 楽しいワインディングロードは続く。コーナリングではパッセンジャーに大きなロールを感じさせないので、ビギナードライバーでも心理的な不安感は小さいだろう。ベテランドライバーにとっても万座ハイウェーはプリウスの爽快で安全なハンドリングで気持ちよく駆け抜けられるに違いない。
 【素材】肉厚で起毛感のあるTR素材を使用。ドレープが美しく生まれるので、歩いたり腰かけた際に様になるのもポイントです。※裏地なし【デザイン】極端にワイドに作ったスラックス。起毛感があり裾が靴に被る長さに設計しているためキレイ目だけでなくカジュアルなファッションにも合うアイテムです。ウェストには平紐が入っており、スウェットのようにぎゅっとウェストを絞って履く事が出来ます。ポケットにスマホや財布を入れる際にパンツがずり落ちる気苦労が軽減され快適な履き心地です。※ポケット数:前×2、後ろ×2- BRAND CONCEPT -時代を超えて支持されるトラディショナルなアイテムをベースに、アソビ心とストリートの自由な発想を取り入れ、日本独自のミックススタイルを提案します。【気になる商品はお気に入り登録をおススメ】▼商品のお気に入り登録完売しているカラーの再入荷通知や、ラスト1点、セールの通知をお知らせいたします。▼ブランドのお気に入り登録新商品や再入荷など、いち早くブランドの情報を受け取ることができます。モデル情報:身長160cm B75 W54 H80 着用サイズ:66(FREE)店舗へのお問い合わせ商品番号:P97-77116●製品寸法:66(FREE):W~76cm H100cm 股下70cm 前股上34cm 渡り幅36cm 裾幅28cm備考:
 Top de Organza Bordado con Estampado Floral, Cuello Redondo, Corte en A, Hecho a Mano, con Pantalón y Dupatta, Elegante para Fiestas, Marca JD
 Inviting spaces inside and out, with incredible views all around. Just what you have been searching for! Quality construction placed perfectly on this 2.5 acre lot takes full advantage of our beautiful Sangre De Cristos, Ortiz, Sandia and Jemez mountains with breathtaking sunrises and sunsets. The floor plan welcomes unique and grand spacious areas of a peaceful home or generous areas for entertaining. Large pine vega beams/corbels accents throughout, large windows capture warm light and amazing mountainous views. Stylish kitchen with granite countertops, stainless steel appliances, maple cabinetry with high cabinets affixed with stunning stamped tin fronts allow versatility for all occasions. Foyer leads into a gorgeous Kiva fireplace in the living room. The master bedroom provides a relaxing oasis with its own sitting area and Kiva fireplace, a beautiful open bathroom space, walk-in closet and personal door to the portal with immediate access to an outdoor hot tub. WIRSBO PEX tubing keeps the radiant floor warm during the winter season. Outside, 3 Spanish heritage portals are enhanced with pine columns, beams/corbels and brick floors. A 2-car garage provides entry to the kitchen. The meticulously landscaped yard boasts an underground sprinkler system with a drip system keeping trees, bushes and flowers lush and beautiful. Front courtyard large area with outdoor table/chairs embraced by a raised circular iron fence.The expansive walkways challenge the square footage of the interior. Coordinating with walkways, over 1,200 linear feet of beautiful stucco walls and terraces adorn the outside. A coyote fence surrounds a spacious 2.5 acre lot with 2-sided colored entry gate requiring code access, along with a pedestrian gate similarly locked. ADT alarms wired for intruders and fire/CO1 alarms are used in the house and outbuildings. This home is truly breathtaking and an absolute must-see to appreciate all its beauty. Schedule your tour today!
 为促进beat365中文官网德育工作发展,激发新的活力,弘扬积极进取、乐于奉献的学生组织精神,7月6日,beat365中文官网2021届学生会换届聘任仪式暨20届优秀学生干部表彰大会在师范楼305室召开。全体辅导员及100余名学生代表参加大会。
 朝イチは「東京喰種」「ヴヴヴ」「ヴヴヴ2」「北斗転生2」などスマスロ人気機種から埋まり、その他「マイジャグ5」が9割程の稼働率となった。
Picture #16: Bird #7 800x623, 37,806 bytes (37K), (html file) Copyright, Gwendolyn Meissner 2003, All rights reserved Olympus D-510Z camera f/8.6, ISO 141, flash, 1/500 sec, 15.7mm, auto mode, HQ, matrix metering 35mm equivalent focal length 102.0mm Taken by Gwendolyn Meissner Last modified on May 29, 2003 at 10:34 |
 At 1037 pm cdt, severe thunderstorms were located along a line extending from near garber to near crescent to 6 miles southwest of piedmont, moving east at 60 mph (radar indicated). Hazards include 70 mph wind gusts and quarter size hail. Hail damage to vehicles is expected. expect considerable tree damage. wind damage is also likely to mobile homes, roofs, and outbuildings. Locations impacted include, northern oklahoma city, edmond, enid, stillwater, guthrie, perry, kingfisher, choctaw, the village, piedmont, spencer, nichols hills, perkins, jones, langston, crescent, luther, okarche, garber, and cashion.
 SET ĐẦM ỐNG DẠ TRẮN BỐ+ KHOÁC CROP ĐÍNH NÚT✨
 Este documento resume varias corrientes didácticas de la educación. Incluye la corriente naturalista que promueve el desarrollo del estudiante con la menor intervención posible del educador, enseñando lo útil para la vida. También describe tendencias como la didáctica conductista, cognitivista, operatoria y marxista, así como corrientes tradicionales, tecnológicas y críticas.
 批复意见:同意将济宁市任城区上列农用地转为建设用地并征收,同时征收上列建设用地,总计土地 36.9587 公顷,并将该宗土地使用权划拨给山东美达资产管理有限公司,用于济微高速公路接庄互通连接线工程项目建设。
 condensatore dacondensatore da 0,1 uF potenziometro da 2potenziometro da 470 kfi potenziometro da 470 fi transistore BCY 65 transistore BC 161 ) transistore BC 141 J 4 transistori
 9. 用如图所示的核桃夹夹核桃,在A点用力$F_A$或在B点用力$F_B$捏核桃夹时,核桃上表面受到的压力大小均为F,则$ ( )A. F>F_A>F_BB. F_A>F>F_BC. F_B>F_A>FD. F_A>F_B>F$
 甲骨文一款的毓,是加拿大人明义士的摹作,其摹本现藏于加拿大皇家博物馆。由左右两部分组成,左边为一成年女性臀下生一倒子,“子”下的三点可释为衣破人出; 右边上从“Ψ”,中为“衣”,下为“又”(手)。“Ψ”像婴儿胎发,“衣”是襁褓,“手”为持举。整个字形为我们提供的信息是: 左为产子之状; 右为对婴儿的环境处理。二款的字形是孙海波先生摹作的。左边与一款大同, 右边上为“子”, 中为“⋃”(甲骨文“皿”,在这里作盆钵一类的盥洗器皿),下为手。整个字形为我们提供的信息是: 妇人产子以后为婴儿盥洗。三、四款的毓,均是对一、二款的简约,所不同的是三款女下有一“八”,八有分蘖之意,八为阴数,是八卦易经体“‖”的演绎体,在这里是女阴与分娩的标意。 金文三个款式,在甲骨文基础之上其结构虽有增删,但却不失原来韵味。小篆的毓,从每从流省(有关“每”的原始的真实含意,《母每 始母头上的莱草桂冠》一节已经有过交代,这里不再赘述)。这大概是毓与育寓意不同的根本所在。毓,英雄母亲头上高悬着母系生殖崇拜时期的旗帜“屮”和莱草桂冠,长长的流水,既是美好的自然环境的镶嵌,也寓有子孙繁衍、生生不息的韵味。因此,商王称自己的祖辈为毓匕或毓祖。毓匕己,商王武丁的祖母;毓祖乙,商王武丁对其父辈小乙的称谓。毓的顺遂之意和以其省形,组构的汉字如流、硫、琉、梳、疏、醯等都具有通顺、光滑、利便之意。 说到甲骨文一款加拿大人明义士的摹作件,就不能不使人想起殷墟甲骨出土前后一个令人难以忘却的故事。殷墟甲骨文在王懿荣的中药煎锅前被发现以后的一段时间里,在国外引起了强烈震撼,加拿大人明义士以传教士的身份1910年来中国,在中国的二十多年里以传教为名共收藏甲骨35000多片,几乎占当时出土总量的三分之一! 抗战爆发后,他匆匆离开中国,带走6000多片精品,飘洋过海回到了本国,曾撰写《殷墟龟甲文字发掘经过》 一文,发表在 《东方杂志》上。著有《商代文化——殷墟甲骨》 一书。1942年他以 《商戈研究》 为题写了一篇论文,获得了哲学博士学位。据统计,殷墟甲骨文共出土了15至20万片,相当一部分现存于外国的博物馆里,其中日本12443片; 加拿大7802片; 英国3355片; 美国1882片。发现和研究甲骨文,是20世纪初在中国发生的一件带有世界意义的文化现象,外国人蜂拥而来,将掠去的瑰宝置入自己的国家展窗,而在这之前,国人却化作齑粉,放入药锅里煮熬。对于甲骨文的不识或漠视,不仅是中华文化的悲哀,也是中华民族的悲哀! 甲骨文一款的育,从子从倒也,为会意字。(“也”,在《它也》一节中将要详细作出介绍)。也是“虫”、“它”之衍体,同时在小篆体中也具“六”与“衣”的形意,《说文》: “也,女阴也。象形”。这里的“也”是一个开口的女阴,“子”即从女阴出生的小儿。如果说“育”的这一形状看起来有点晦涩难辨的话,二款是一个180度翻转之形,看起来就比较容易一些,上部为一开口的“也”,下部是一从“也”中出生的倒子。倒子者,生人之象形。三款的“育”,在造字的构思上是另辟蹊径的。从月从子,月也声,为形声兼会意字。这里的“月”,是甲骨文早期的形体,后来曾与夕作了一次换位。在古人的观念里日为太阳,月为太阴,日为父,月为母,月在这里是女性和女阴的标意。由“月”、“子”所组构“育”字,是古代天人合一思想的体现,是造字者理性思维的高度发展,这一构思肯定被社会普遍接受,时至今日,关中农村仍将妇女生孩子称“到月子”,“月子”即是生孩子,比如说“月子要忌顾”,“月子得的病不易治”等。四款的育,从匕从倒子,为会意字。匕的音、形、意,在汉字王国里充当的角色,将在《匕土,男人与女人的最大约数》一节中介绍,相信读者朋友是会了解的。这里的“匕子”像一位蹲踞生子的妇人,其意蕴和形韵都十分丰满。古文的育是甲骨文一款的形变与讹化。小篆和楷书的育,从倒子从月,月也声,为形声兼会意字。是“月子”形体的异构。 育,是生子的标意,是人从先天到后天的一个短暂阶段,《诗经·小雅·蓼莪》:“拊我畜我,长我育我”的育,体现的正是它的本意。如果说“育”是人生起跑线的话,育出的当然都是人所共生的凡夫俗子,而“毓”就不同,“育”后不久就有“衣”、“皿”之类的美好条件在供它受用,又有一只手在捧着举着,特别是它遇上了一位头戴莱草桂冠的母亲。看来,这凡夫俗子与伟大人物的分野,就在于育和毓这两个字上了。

* _Work task_: Search the data above for the word "para", then gather each line in which it appears.

* _Output of the task_:
 Top de Organza Bordado con Estampado Floral, Cuello Redondo, Corte en A, Hecho a Mano, con Pantalón y Dupatta, Elegante para Fiestas, Marca JD
 Este documento resume varias corrientes didácticas de la educación. Incluye la corriente naturalista que promueve el desarrollo del estudiante con la menor intervención posible del educador, enseñando lo útil para la vida. También describe tendencias como la didáctica conductista, cognitivista, operatoria y marxista, así como corrientes tradicionales, tecnológicas y críticas.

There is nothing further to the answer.